Alt kültür, genel kanının aksine, gotikler, dazlaklar ve punkların yanı sıra LGBTTİ ve azınlık mezheplerine mensup insanları da kapsar.
Genel bir ifadeyle, popüler ya da hakim kültürün içinde, onunla bağlantısını kopartmadan; ancak bir takım noktalarda ayrılarak gelişen kültür olarak tanımlanabilir.
Alt kültüre mensup olan ve alt kültürü oluşturan insanlar, üst kültür içindeki egemen din, dil, gelenek ve etnik köken gibi unsurlarla karşılaştırıldığında kendinlerine özgü özelliklere sahiptirler.

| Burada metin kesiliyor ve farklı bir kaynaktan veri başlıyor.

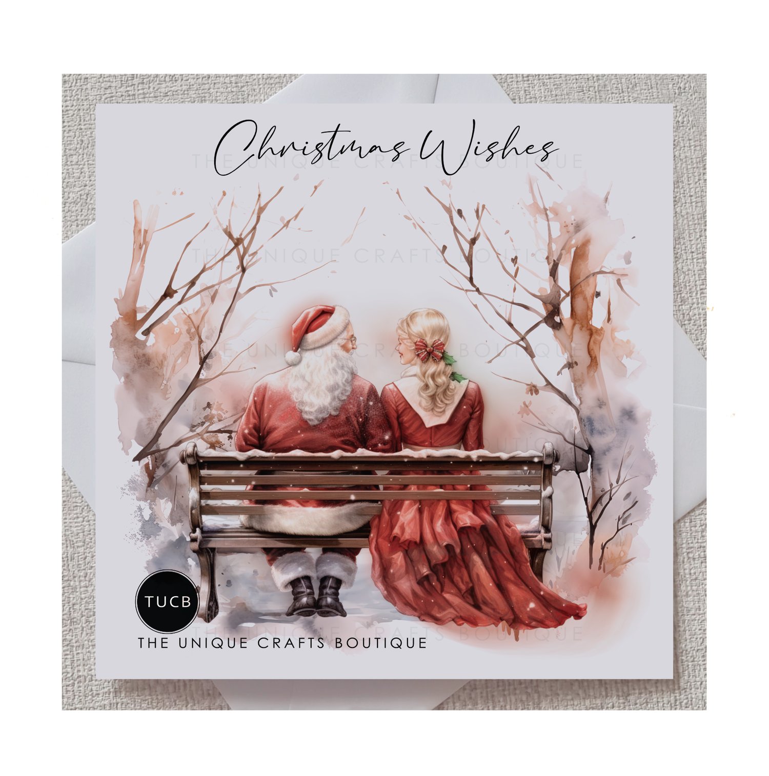 Printed with a beautiful traditional image of Mr and Mrs Claus sat together on a woodland bench 'Christmas wishes' is displayed above in a cute black text.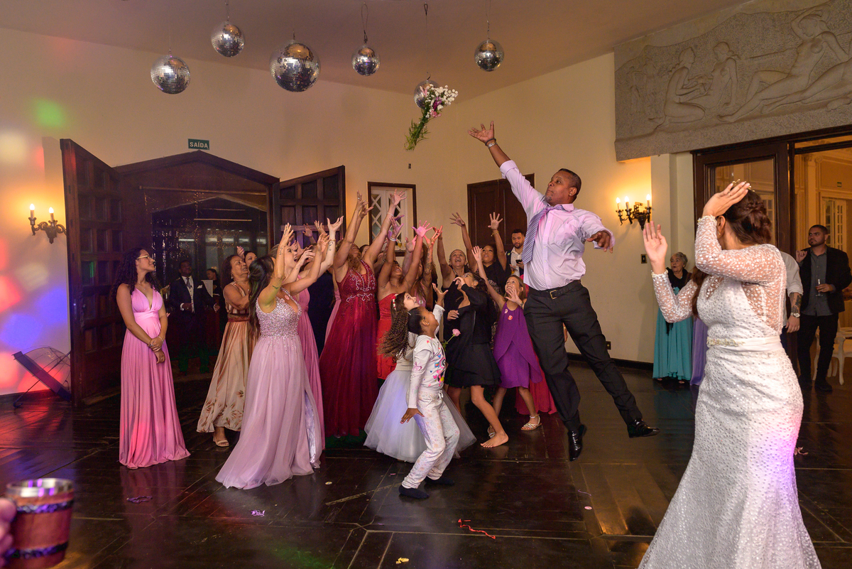 O casal cumprimentou seus convidados e dançaram a noite inteira. Só faltava o momento do buquê que foi pego pela irmã do Caio. Eu acredito na tradição e o namorado dela ficou muito feliz.
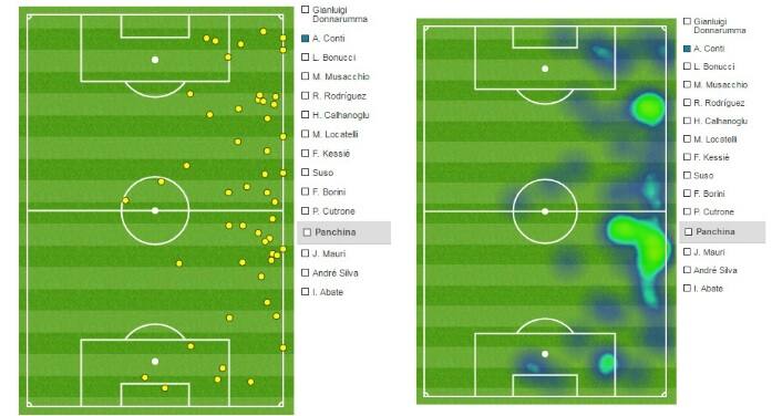 Teoricamente due laterali con le stesse caratteristiche e con gli stessi obiettivi tattici, identici per entrambe le corsie, in una difesa studiata per essere costantemente a quattro. E, invece, ci sono delle differenze sostanziali nel modo di giocare dei due: condizionanti rispetto a quella che è l'idea di partenza, almeno visiva, sul campo, di una difesa schierata con quattro giocatori. Nella prima costruzione del Milan, Conti è il laterale che si "alza" di più, spesso sulla linea dei centrocampisti, molte volte, ad azione già avanzata, oltre. La grafica lo dimostra in maniera molto evidente laddove sono evidenziate le zone di gioco dell'ex atalantino. A conferma di ciò anche tutti i primi controlli effettuati da Conti: posizione molto aperta (quasi sulla linea laterale) e molto alta (in costante spinta offensiva).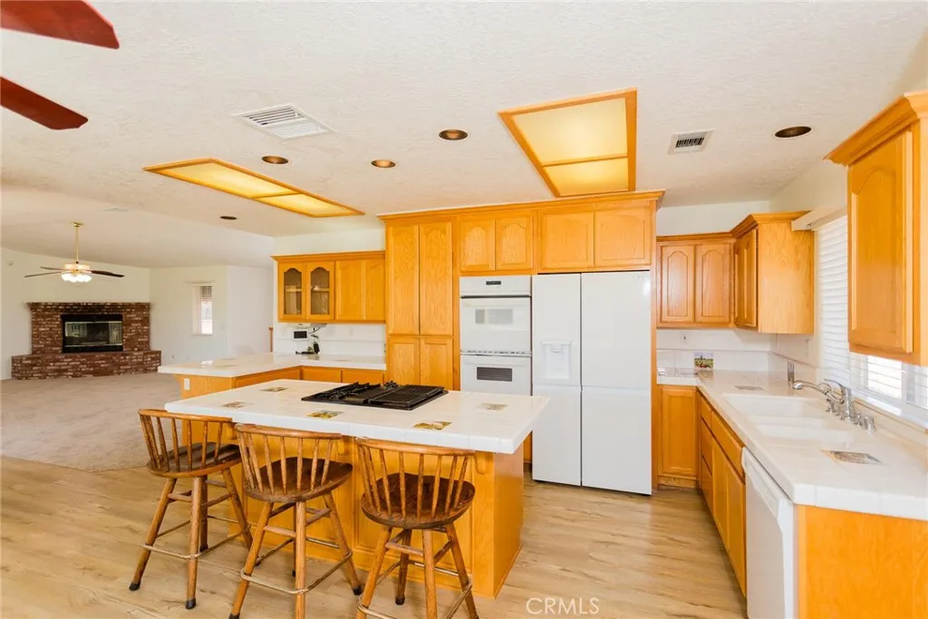 Custom Golf Course Retreat in Silver Lakes Welcome to a thoughtfully designed 3,051 sq. ft. home overlooking the East Golf Course in the heart of Silver Lakes. Built with enduring quality, this two-story residence combines craftsmanship with resort-style living. Enhanced features such as 2x6 framing, added insulation, earthquake reinforcement, and rebar construction reflect foresight and pride of ownership. The entry foyer sets the tone with natural light and a grand chandelier. Downstairs, a spacious family room with wood-burning stove, custom sunken bar, and wrap-around picture windows creates the perfect entertaining space. Sliding doors open to a covered patio with swing seating and outdoor fireplace which directly faces the golf course, while two bedrooms on this level offer comfort and privacy. Upstairs, the kitchen offers generous cabinetry, center island seating, dual ovens, new Energy Star refrigerator and dishwasher, and ample counters for the home chef. The adjoining dining and great room spaces feature abundant windows and a brick lined gas fireplace. The primary suite is a private retreat, highlighted by its own brick lined gas fireplace, dual walk-in closets, jetted tub, shower, and separate vanities. A covered balcony provides sweeping views of the 6th and 7th holes. Additional amenities include a laundry chute, central vacuum, intercom system, utility sink, and a 3-car garage with golf cart bay. Comfort is ensured with both central air and a swamp cooler. Thoughtful details such as oak cabinetry, mirrored closets, and functional storage enhance daily living.
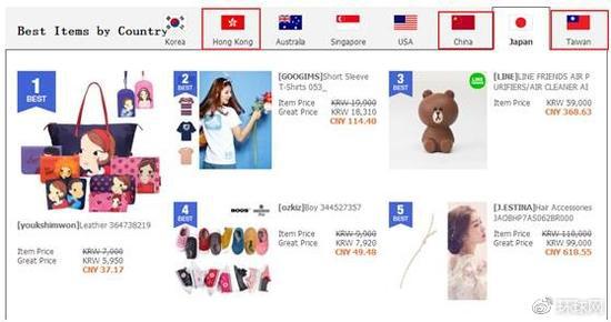 但其全球版网页的“各国最热销售产品”的选项却是这样↓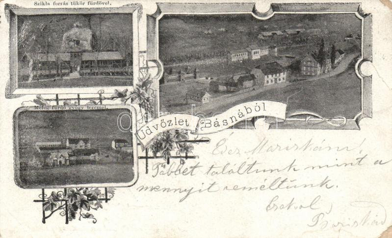 Beschreibung: Bázna szikla forrás tükörfürdővel, meleg fürdő gyógyteremmel / stone source, mirror spa, sanatorium, floral (fa)
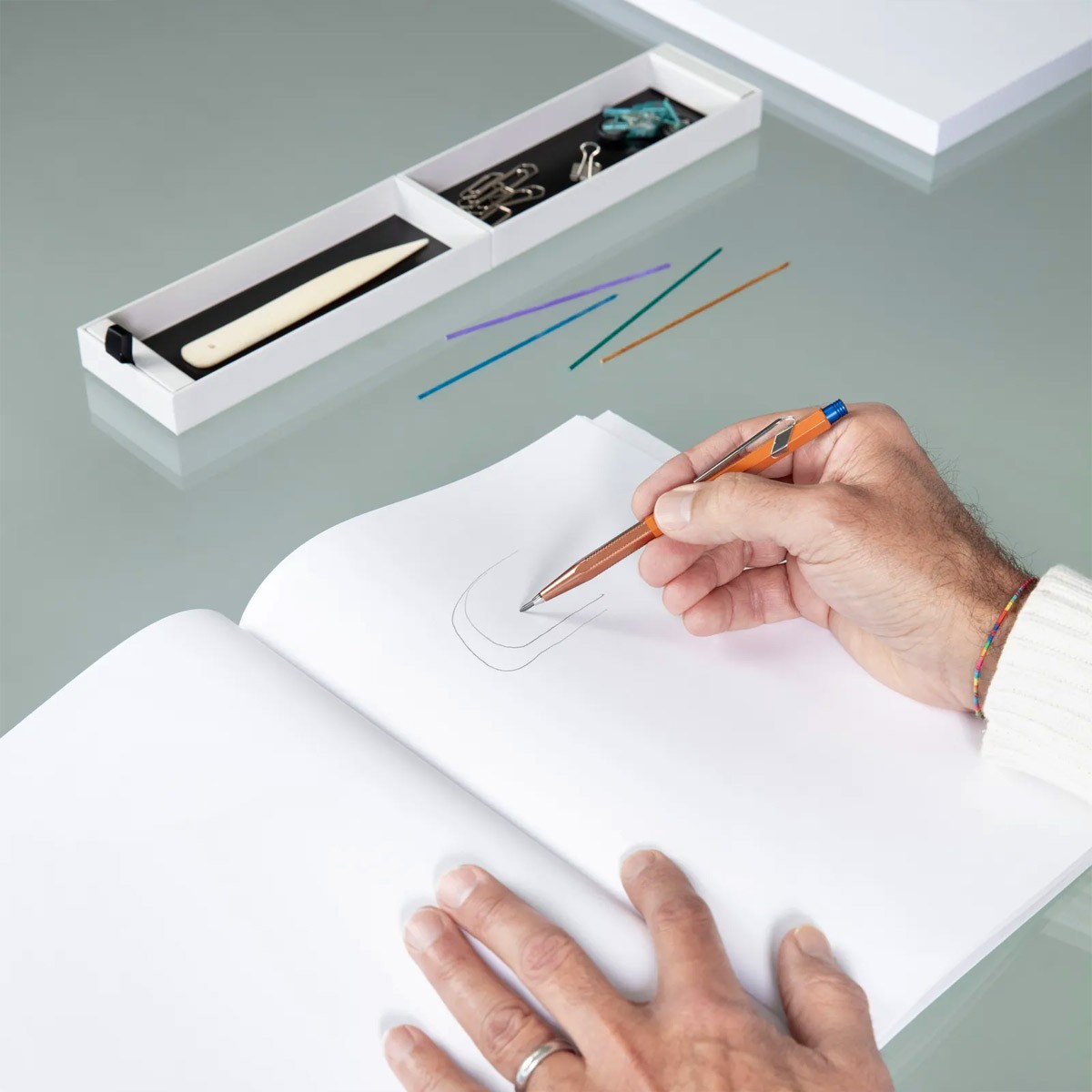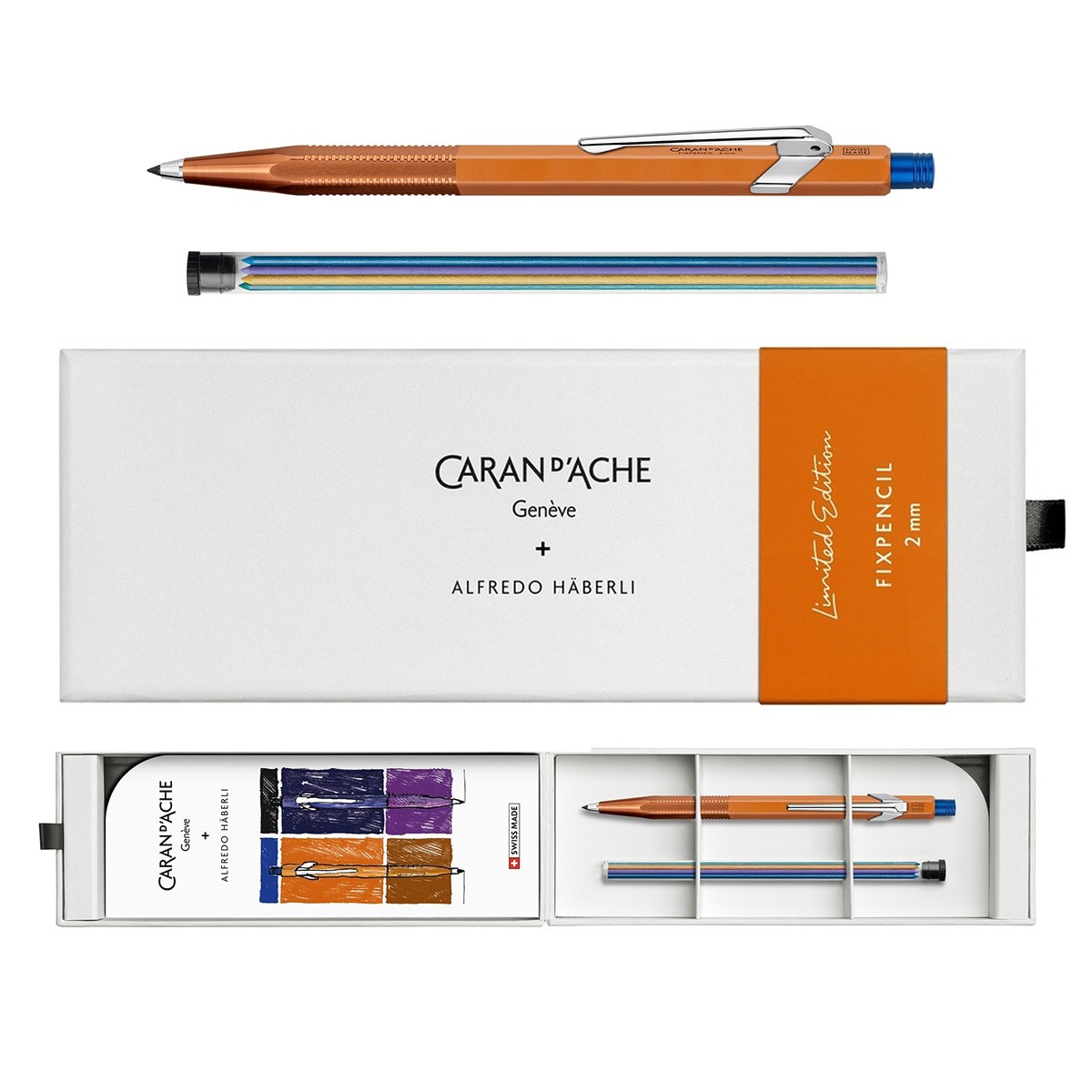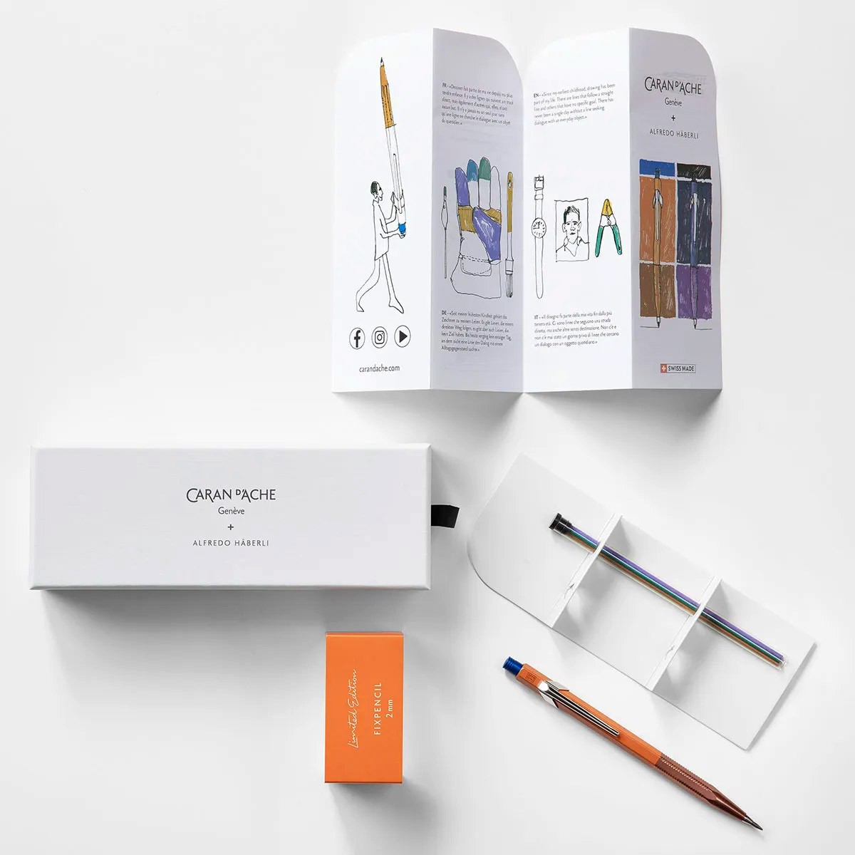 Caran d’Ache объединил усилия со всемирно известным дизайнером Альфредо Хэберли для создания ограниченного выпуска легендарного FIXPENCIL®. Этот механический карандаш, который Хэберли коллекционирует с детства, - всегдашний спутник его творений. В сочетании двух оттенков сливы или охры художник переосмысливает этот инструмент, который идеально подходит для предварительных набросков и спонтанной фиксации идей - незаменимый спутник архитекторов, инженеров, дизайнеров, иллюстраторов..! Помимо графитового стержня, дизайнерские нововведения включают в себя сочетание четырех водорастворимых цветных стержней для FIXPENCIL®, специально подобранных для рисунков декоративного и технического характера. Шестигранный корпус карандаша сделан из прочного и легкого алюминия и окрашен в два охристых оттенка - яркий и матовый. Корпус украшают блестящий серебристый зажим и синяя кнопка подачи грифеля, которая является точилкой. Карандаш поставляется с 1 графитовым стержнем 2мм (твердость B) и 4 цветными водорастворимыми грифелями 2мм (кобальт синий, изумрудно-зеленый, охра, барвинок синий). Набор упакован в стильную подарочную коробку (размеры: 181x66x44мм).

Bir başka deyişle, alt kültür, toplum içindeki tüm azınlıkların ve alt grupların inanç, değer, tutum ve yaşam tarzlarını ifade eder.
Genellikle estetik anlayış; dinsel, siyasal ve cinsel yönelim ile mesleki bakış açısı alt kültürü belirleyen unsurlardır.
Belirli bir yaş grubuna; kişilerin etnik, kültürel ve dinsel kökenlerine, ırklarına, ekonomik sınıflarına, ideolojilerine ve cinsel yönelimlerine dayanabileceği gibi, hızla yayılma özelliğine sahip olan genç kültürleri ve akımları da kapsar.
Kendi kendini yaratır. Alt kültüre dahil olanlar genellikle alt kültürün doğuş ve varoluş aşamalarını farkındadırlar.
Bir alt kültür grubuna dahil olanlar kendilerine özgü, hakim kültürün dışında bir yaşam tarzını benimserler. Giyim şekilleriyle, dinledikleri müzik türüyle, geliştirdikleri konuşma dili, tutum ve davranışlarla, benimsedikleri değer ve normlarla veya inançlarıyla üst kültürden ayrılırlar.
Neredeyse tüm alt kültürlerin üst kültüre yani egemen kültüre karşı çıkan bir yanı vardır. Egemen kültüre belirli bir direniş biçimi gösterirler. Muhalif bir duruş sergileyebildikleri gibi hakim kültürden ve sistemden, ellerinden geldiğince, bağlarını koparmış, dışarıda olma cesaretini göstermiş oluşumlardır.
Bugüne kadar sistemlerin insan hayatına müdahale ettiği, onu hiçleştirdiği her yerde alt kültür hareketleri oluşmuştur. Çünkü ortaya çıkmasına sebep olan, popüler kültüre olan uzaklığı ve kimi zaman da dışlanmışlığıdır.